» **DATA**:
□ □ □ □ □
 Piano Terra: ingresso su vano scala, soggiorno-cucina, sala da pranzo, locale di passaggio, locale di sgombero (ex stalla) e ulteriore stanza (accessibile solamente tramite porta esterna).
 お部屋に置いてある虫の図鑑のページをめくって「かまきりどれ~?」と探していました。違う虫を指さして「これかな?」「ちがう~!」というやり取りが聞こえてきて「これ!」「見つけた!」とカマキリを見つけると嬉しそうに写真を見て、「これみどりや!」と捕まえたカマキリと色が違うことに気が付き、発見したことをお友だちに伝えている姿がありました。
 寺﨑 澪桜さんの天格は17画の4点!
□ □ □ □ □
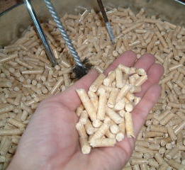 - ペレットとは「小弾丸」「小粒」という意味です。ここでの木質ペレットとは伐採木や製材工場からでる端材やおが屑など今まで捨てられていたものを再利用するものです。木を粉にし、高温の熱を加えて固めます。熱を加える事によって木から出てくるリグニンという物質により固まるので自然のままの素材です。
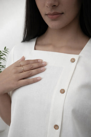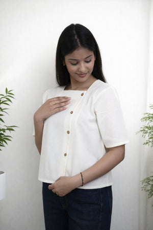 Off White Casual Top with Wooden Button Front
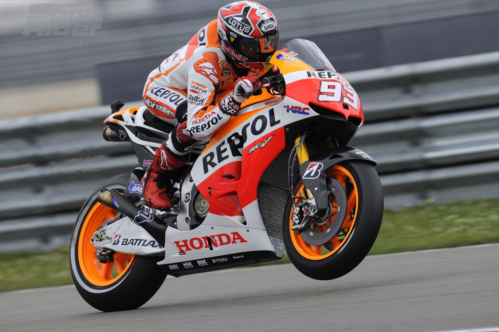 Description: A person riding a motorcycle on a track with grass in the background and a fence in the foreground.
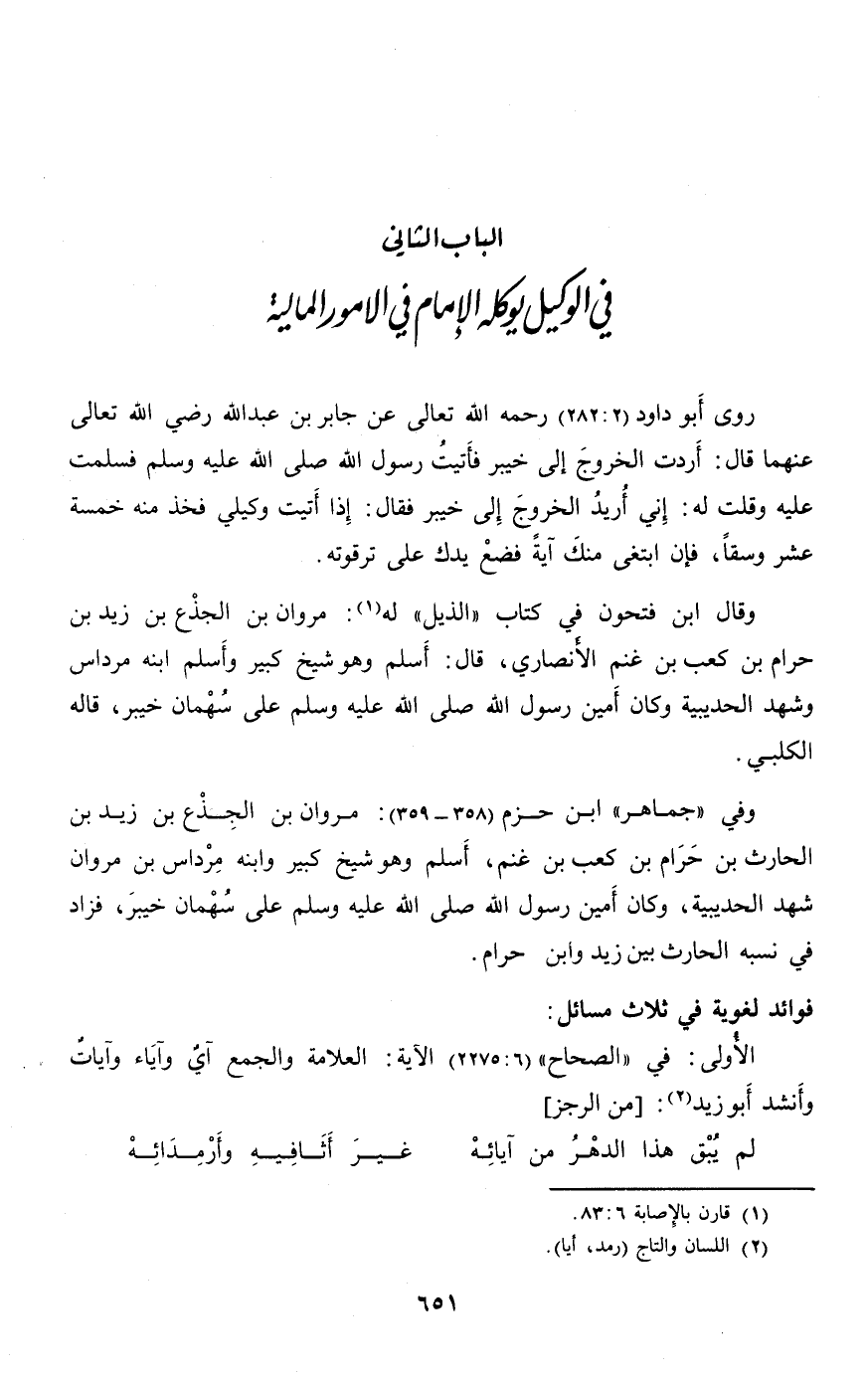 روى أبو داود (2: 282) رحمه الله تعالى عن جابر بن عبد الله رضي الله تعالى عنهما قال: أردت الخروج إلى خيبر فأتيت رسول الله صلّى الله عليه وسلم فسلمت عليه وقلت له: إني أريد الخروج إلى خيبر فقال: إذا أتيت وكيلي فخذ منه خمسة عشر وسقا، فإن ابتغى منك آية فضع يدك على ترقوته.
□ □ □ □ □
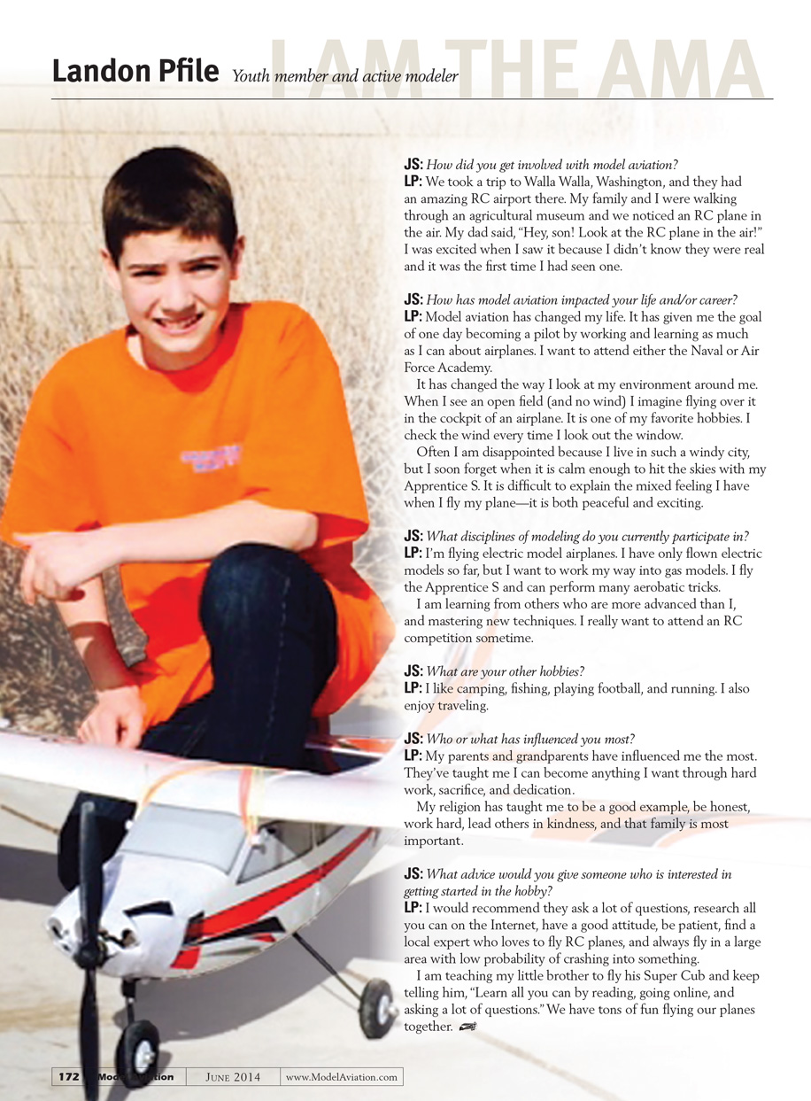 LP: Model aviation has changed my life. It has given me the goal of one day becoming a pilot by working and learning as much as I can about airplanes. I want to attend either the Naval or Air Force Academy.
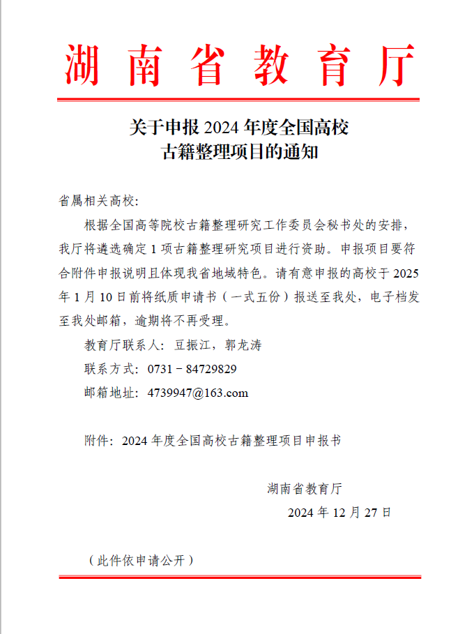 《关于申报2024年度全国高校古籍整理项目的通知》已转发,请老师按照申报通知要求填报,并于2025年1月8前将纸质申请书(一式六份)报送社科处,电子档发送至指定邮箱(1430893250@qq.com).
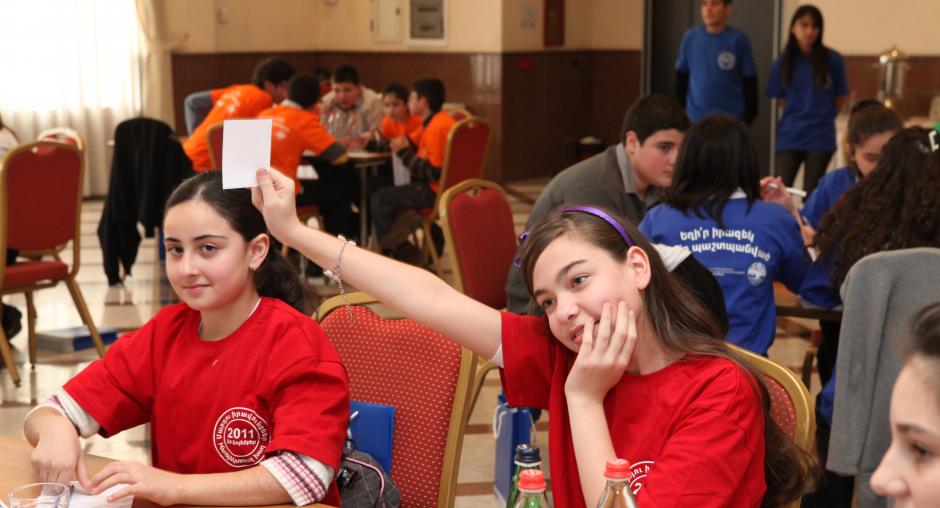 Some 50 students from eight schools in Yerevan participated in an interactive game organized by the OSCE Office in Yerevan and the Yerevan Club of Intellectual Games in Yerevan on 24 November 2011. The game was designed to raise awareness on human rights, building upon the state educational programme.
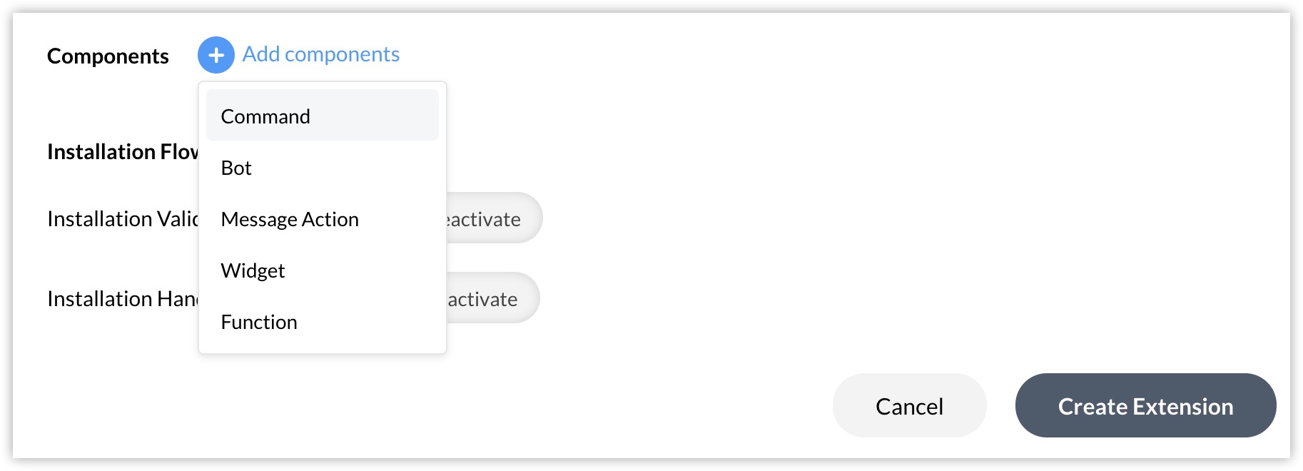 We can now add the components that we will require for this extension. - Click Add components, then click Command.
□ □ □ □ □
» **THE TASK**:
Copy out the range of lines above starting at the line with "お部屋に置いてある虫の図鑑の" and ending at the line with "寺﨑 澪桜さんの天格は17画の4点!", exactly and including both.

» **RESPONSE AREA**:
 お部屋に置いてある虫の図鑑のページをめくって「かまきりどれ~?」と探していました。違う虫を指さして「これかな?」「ちがう~!」というやり取りが聞こえてきて「これ!」「見つけた!」とカマキリを見つけると嬉しそうに写真を見て、「これみどりや!」と捕まえたカマキリと色が違うことに気が付き、発見したことをお友だちに伝えている姿がありました。
 寺﨑 澪桜さんの天格は17画の4点!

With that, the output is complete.